Merocystis

Scientific classification
- Domain: Eukaryota
- Clade: Sar
- Clade: Alveolata
- Phylum: Apicomplexa
- Class: Marosporida
- Family: Aggregatidae
- Genus: Merocystis Dakin, 1911
- Species: M. kathae
- Binomial name: Merocystis kathae Dakin, 1911

= Merocystis =

- Genus: Merocystis
- Species: kathae
- Authority: Dakin, 1911
- Parent authority: Dakin, 1911

Genus of single-celled organisms

Merocystis is a genus in the phylum Apicomplexa.

==History==
This genus was created in 1911 by Dakin He discovered this parasite - Merocystis kathae - in the renal organ of the whelk (Buccinum undatum). Its life cycle has been studied in some detail by other workers.

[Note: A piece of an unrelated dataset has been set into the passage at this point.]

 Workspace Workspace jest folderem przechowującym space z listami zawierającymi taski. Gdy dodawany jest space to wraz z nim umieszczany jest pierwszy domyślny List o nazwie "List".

A second species was described - Merocystis tellinovum - by Buchanan in 1979 but this has since been moved to the genus Pseudoklossia.

==Taxonomy==
There is one species known in this genus.

==Description==
The life cycle follows a seasonal course. The earliest stages may appear in the kidney any time between March and June. Growth proceeds and sexual differentiation takes place but mature gametes are not found until November, when the first stages of sporogony are first found. Mature spores containing sporozoites are formed in January and become increasingly common up to May. Degenerating stages of spores are common in summer.

The earliest stages within the renal organ are 10 μm in diameter.

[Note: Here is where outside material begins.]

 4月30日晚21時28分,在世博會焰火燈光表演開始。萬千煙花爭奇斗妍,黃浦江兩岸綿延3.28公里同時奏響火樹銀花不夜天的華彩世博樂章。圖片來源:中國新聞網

To the naked eye the later stages of the parasite have the appearance of a rounded milky white dot.

The trophozoites appear opaque and occasionally granular.

Schizogony occurs in the host cell.

Morphological sexual differentiation is not detectable until growth is almost complete.

The microgametocyte divides into 32 nuclei. At this stage cleavage of the cytoplasm brings about the formation of uninucleate cytomeres. Nuclear division again occurs within these and these latter divisions form the microgametes.

The microgamete possesses a dark centre and a lighter ring round the periphery and is released from the host cell.

Fertilization occurs within the lumen of the renal organ.

After fertilisation, a thick membrane forms outside the zygote. The nucleus assumes a characteristic spindle shape and subsequently divides.

Nuclear divisions proceed until numerous cone shaped nuclei are found below the cell membrane. This cell membrane becomes folded and the nuclei sink in (the oocyst stage). Each is surrounded by a portion of cytoplasm to form a sporoblast. A single nuclear division then occurs and the two nuclei elongate to form sporozoites each with a small cytoplasmic body.

The oocyst has numerous sporocysts each with two sporozoites.